Camen Design Forum

Kroc's Work Log

append delete Kroc

I've actually been working on programming projects almost daily for the last two years, despite the silence from me on the blog & forum (our son requires our full attention).

This thread will be a log of what I'm coding as I go. Feel free to ask questions.

Reply RSS

Replies

append delete #1. Kroc

:: OZ80MANDIAS / blu

Thus far I have managed to get my Z80 assembler to successfully build Sonic 1 SMS, therefore I am now working on making it 'user-ready' in preparation for a '1.0' release.

This week I've been reworking the tokeniser (the routine that turns the source code text into a machine representation) into a more complete lexer; rather than a linear stream of tokens it'll use an Abstract Syntax Tree and also verifies the scope (that is, words follow in allowed order and the hierarchy of nested statements is validated).

Previously, the validation of scope was occurring during assembly (when the tree-like order is processed anyway), but this slows down the assembling and duplicates a great deal of validation when we introduce loops.

_Today's work:_

* Removed several lookup tables to check Token category (e.g. Expression, List, Keyword) and replaced it instead with a bit-mask included in each Token / syntax tree node). This reduces Class initialisation time (quite slow ATM), and makes checking the Token type much quicker throughout the code base. This also helps ease our progressive move from Token Stream to Syntax Tree (both systems are in use side-by-side ATM)

_Things to Consider:_

* The Repeat Operator `x` is not an operator! It creates Lists out of Expressions, so shouldn't be detected as part of any normal Expression (only one Value allowed).
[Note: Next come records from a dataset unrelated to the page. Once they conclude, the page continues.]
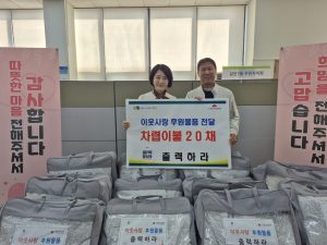 이날 전달된 차렵이불은 홀몸 어르신과 저소득 가구 등 취약계층에 지원될 예정으로, 대상자들의 생활 여건 개선에 도움이 될 것으로 기대된다.
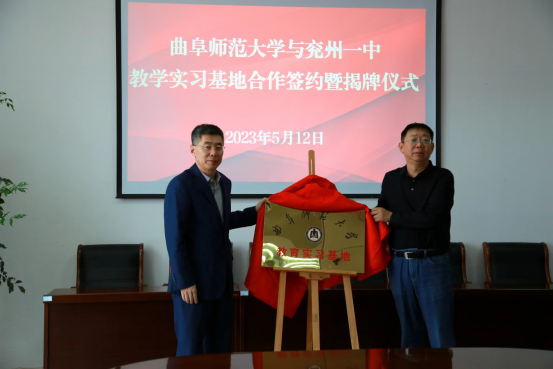 冯媛媛院长与兖州一中副校长徐建分别代表两校共同签订教学实践基地合作协议,赵琪书记与牛广犇总督学一起为教学实践基地挂牌。挂牌仪式后,学院领导与实习学生进行了座谈。
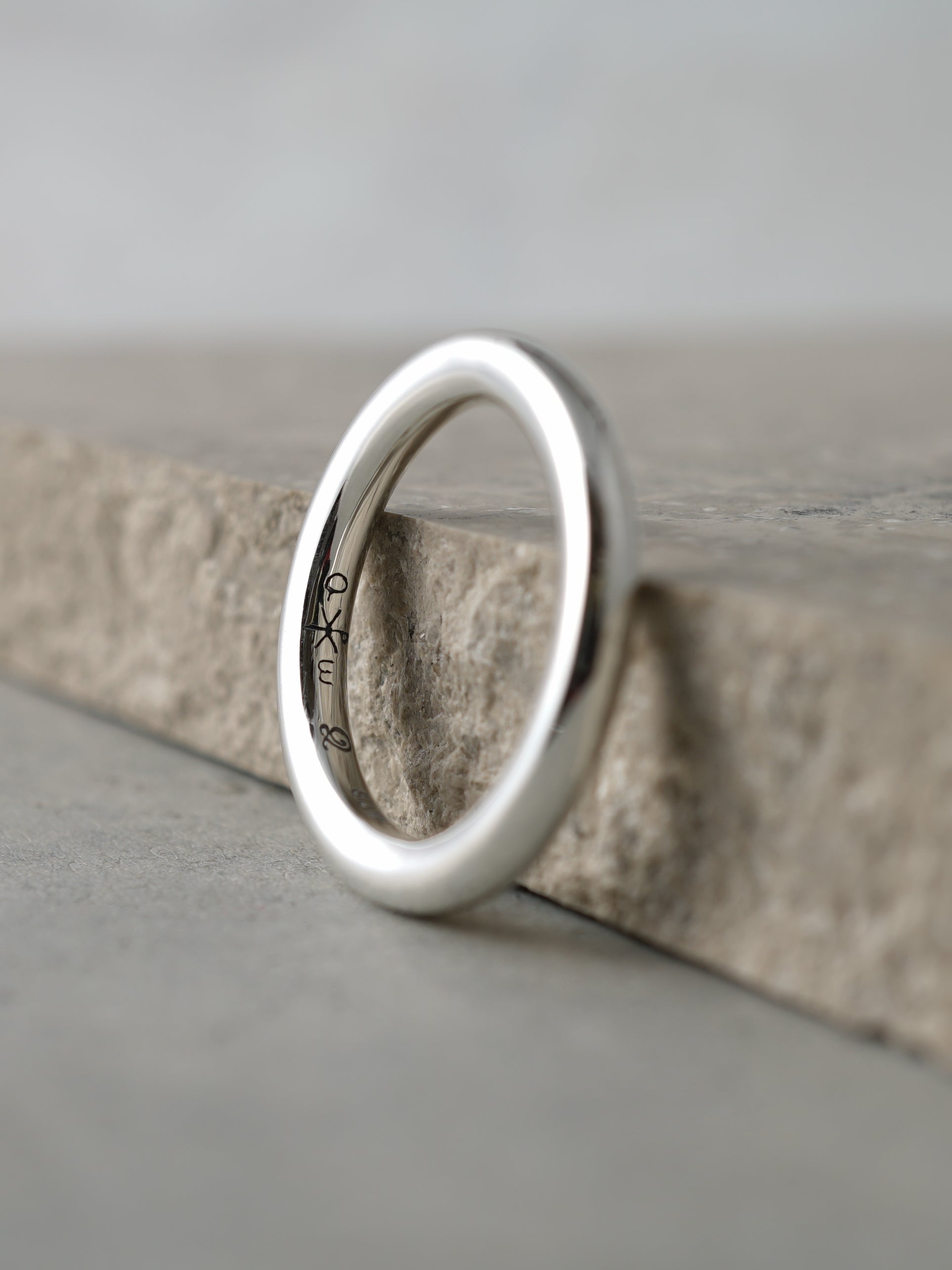 これ以上削ぎ落とすものが何もなくなるまで装飾を廃し、"普段使いのアクセサリー"ということを強く意識しました。「円」型の断面が一周しているデザインです。

I will need to re-classify it as something else

* I need to solve the problem of Properties (`.property`) differentiating definition and use only by a new line; that is, a line that begins with a property defines that property, otherwise it's considered a read of an existing property. This is problematic for OZ80 because new-lines are entirely optional everywhere except for this instance, and it breaks the notion that line-breaks can be added for readability, e.g.:

% OZ80
TABLE :someData {
    BYTE .a .b .c
.d  .e .f ;this is an error as `.d` is considered a sub-routine definition and not a `BYTE`
}
%

For now the thought has been to require some kind of prefix for using Property names, e.g. `this.property` but I haven't considered what exactly

append delete #2. Kroc

More scope-walking work. Messing about with Property syntax. I hadn't noticed how hopelessly out of date the SYNTAX.TXT documentation was, it'll have to be totally rewritten before release. Whilst `:.property` is logical for current syntax (`:` is shorthand for the current `PROC`/`TABLE`), there isn't an equivalent if we want to make self-references in a Type-definition, for example (`#.property`?)
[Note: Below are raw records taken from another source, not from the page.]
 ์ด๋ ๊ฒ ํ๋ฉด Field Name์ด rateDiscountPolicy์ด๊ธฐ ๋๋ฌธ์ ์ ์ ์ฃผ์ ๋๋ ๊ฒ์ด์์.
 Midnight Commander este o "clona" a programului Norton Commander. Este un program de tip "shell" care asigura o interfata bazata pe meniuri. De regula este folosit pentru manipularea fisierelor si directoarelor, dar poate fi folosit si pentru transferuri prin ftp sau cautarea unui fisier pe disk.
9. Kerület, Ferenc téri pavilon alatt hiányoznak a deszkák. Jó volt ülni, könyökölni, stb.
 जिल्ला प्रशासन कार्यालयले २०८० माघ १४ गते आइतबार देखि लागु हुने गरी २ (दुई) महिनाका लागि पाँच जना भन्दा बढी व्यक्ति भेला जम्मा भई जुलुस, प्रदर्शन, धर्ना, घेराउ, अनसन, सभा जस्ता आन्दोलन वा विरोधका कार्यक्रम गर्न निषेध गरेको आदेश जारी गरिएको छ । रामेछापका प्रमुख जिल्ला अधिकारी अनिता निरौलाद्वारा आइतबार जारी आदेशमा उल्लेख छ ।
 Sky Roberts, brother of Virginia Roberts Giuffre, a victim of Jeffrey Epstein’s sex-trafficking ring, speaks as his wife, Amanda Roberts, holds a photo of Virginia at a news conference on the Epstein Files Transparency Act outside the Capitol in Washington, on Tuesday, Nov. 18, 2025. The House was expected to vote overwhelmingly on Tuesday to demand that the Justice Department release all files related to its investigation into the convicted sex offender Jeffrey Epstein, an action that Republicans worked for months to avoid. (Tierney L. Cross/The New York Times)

I also reworked some of the Master System memory map in 'system.sms.oz80' to reflect intended spacing Property functionality)

append delete #3. Kroc

It's the function that never ends! (both in the time it's taking and the length of it). The `FileParse` function is 1'500 lines long and I've been working on massively re-architecting it for the last few weeks. Now before you get a hernia screaming 'bad programming', you should understand that this function is purposefully written with tons of GOTOs for speed, more speed and extra speed. When you have to parse millions of characters of text in VB6, function calls are are no longer viable.

* bluString now partially normalises whitespace when loading a file; this means that OZ80 only needs to consider ASCII Space, CarriageReturn and Tab and no other kind of whitespace during parsing, greatly simplifying and speeding up the character walking

* Completely re-worked the character walking to work on the basis of the first character of the word, words that end with white-space, words that end with line-break and multi-line words like comments. This helped eliminate some messy comment parsing and known-to-crash character look-aheads

* I noticed that the `HELP` statement would not work for `PROC` `PARAMS`/`RETURN` -- the Text is a list, and the next `PARAM` that follows would be treated as another byte for the text. To solve this I've added Documentation Text syntax (double back-tick) e.g.

% OZ80
PROC :doStuff
PARAMS HL ``Address to the data to process
{ }
%

This way documentation text can never clash with real text or other expressions. We also don't have to deal with how documentation text treats white-space compared to real text.

append delete #4. Kroc

Haven't had a lot of chance to update this over the last week, but work has been ongoing.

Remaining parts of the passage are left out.